Neko Case’s The Worse Things Get, The Harder I Fight, The Harder I Fight, The More I Love You asks a lot in its title, but how I love it. Its weirdness isn’t the mythic weirdness of Fox Confessor, just the personal weirdness of a songwriter who has dived into the bottom of her craft, where the sea creatures are. The structures are surprising but not ostentatious; only after the lush sound has faded do you realize with what parsimony it was put together. Askesis, late style: the production shimmers and the band is in fine form, but it’s still the voice at center, the personality becoming itself.

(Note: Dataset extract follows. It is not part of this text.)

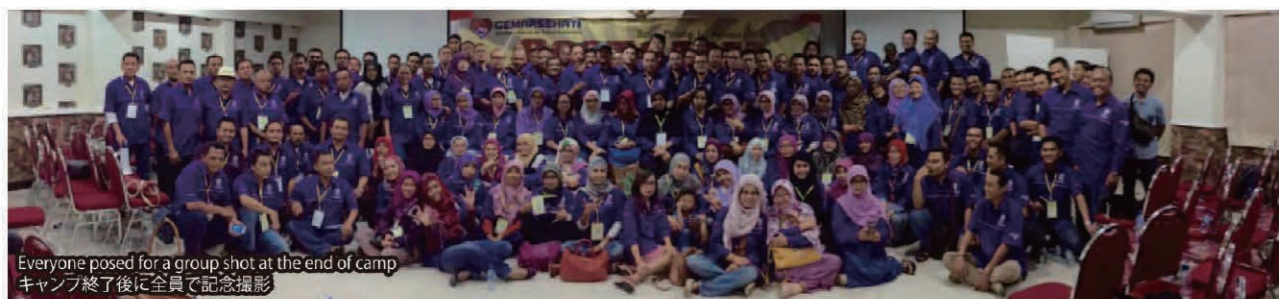
Everyone posed for a group shot at the end of camp. キャンプ終了後に全員で記念撮影
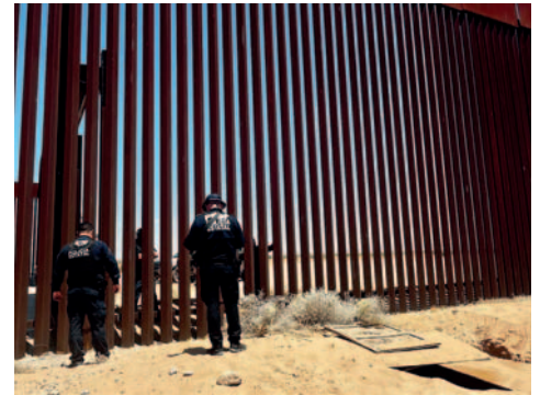
Policías resguardando la zona donde descubrieron una excavación en el municipio de San Luis Río Colorado, Sonora (México)

El narcotúnel más grande descubierto fue en enero de 2020, entre Tijuana (México) y San Diego (EE.UU.), contaba con iluminación, aire acondicionado, suministro eléctrico de alto voltaje, un elevador y un sistema de rieles por los que se desplazaba un carrito similar a los utilizados en minería para transportar la droga por debajo de la línea Internacional.

The auteur theories of Jehnny Beth read very French, but the music on Savages, Silence Yourself, is pure Spirit of Berlin, or just Spirit of Rock. Guitar, bass and drums understand each other the way the instruments did on the great Sleater-Kinney records or the first Erase Errata album; and it’s a real mystery why the points of reference should be all-girl bands, why Spirit of Rock continues not to visit the boys. For all that Beth’s stage presence quotes Ian Curtis, her version of idealism really makes me think of the young Bono, whose embarrassing earnestness was needed as much as the genius guitar to make those early eighties records that still matter to me. The crowd-connection routine still works, too; when she leaned out over the monitors at the Independent this September and looked us full in the face, I felt shatteringly called out from my self-presentation as an invisible thirtysomething in a hat. It was as if I’d failed a test. I don’t know where this band is going, but it’s a good moment.